What you will do:
Could you reproduce the lines below from the one with "餐廳,作為招待客人的重要場所" through the one with "2006年公司董事長(zhǎ"? Keep both ends and add nothing.

Data to process:

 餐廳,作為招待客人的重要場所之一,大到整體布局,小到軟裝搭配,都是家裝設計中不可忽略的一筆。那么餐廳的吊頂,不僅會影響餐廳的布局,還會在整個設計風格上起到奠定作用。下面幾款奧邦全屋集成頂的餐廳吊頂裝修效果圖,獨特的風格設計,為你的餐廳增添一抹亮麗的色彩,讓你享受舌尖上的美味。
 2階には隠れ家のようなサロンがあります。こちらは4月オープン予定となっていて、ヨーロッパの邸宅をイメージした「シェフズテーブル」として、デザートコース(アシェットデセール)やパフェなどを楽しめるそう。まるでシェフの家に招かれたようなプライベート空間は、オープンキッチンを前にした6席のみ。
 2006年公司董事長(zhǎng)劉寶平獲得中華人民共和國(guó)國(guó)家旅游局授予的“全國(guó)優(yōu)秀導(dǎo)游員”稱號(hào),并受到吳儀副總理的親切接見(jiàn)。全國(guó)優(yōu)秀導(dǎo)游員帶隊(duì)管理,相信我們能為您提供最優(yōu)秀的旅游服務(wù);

...

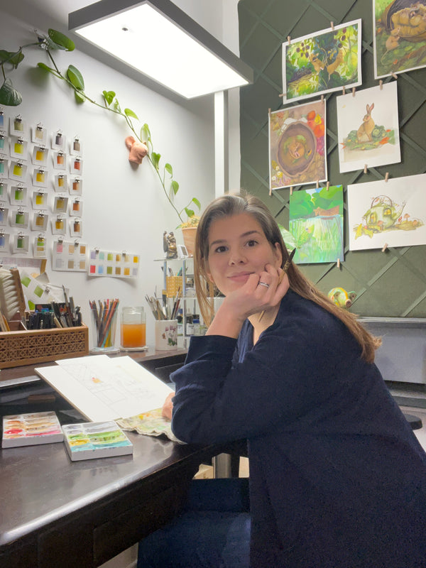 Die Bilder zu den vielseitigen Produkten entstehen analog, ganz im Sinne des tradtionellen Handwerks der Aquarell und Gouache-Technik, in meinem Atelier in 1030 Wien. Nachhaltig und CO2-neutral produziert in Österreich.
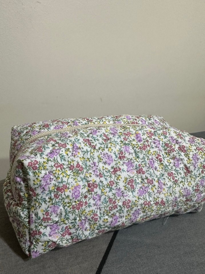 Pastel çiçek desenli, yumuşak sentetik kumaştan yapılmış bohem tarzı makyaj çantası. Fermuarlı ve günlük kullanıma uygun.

Written answer:
 餐廳,作為招待客人的重要場所之一,大到整體布局,小到軟裝搭配,都是家裝設計中不可忽略的一筆。那么餐廳的吊頂,不僅會影響餐廳的布局,還會在整個設計風格上起到奠定作用。下面幾款奧邦全屋集成頂的餐廳吊頂裝修效果圖,獨特的風格設計,為你的餐廳增添一抹亮麗的色彩,讓你享受舌尖上的美味。
 2階には隠れ家のようなサロンがあります。こちらは4月オープン予定となっていて、ヨーロッパの邸宅をイメージした「シェフズテーブル」として、デザートコース(アシェットデセール)やパフェなどを楽しめるそう。まるでシェフの家に招かれたようなプライベート空間は、オープンキッチンを前にした6席のみ。
 2006年公司董事長(zhǎng)劉寶平獲得中華人民共和國(guó)國(guó)家旅游局授予的“全國(guó)優(yōu)秀導(dǎo)游員”稱號(hào),并受到吳儀副總理的親切接見(jiàn)。全國(guó)優(yōu)秀導(dǎo)游員帶隊(duì)管理,相信我們能為您提供最優(yōu)秀的旅游服務(wù);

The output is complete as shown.